Some of the features of PANAMA can't be accessed using the simple panama script provided or need further setup. Here's a list of features that have been implemented and can be accessed through the python API:

  • imputation of missing genotypes (available from panama.utilities.imputation)
  • threading configuration for the Intel Math Kernel Library ™(available from panama.utilities.MKL)
  • reading/writing files in HDF5 (available from panama.utilities.io_wrapper)
  • storing intermediate results in HDF5 (available from panama.core.testing)

If you want to call PANAMA directly from python, just take a look at the PANAMA function in panama.core.run. The expected arguments are:

  • expr (required) an NxD numpy array, where N is the number of samples and D is the number of genes.
  • snps (required) an NxQ numpy array, where N is the number of samples and Q is the number of SNPs.
  • tf_correction = False [True|False] remove broad genetic effects? This will result in more uniform pvalues, but it will also results in an overcorrection of the data (see the paper for a more extended explanation).
  • pop_struct = False [True|NxN numpy array] if pop_struct = True, a population structure covariance matrix will be calculated using the genotypes. You can explicitly pass your own population structure covariance matrix as a NxN numpy array.
  • parallel = True [True|False] run PANAMA in parallel. If True, please also pass the desired number of jobs to run as jobs = num_jobs.
  • statistics = False [True|False] print some statistics like genomic control, number of significant qvalues, and so on..

If you don't want to hack your way around python, just contact us. We can make some functionalities available from the main script.
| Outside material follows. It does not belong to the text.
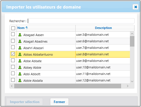 •Dans le dialogue Importer les utilisateurs de domaine, sous l'onglet Utilisateurs
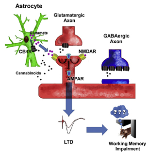 报告中,张遐教授从大麻的临床和科研历史讲起,由大麻成瘾会引起严重的记忆力衰退过渡到大麻素受体CB1R和CB2R,进而提出内源性大麻在生理过程中发挥什么功能的重大科学问题。张教授还介绍到,从1999年至今,他们实验室一直针对这一问题进行着不断的探索和尝试,得到了一系列的研究成果以及科学的推测,总结起来如左图。

If you want to use PANAMA for non-commercial purposes, the code is available under a modified GPL v2 license. The modifications are:

  • If you are trying to validate a scientific claim, you can keep your changes confidential until publication.
  • If you release any claims or data that were supported or generated by PANAMA or a modification thereof, in whole or in part, You will release any inputs supplied to PANAMA and any modifications You made. This License will be in effect for the modified program.
If you can't/don't wish to meet these terms, drop us an email, we can waive them if necessary.
If you want to use PANAMA for commercial purposes, drop us an email as well.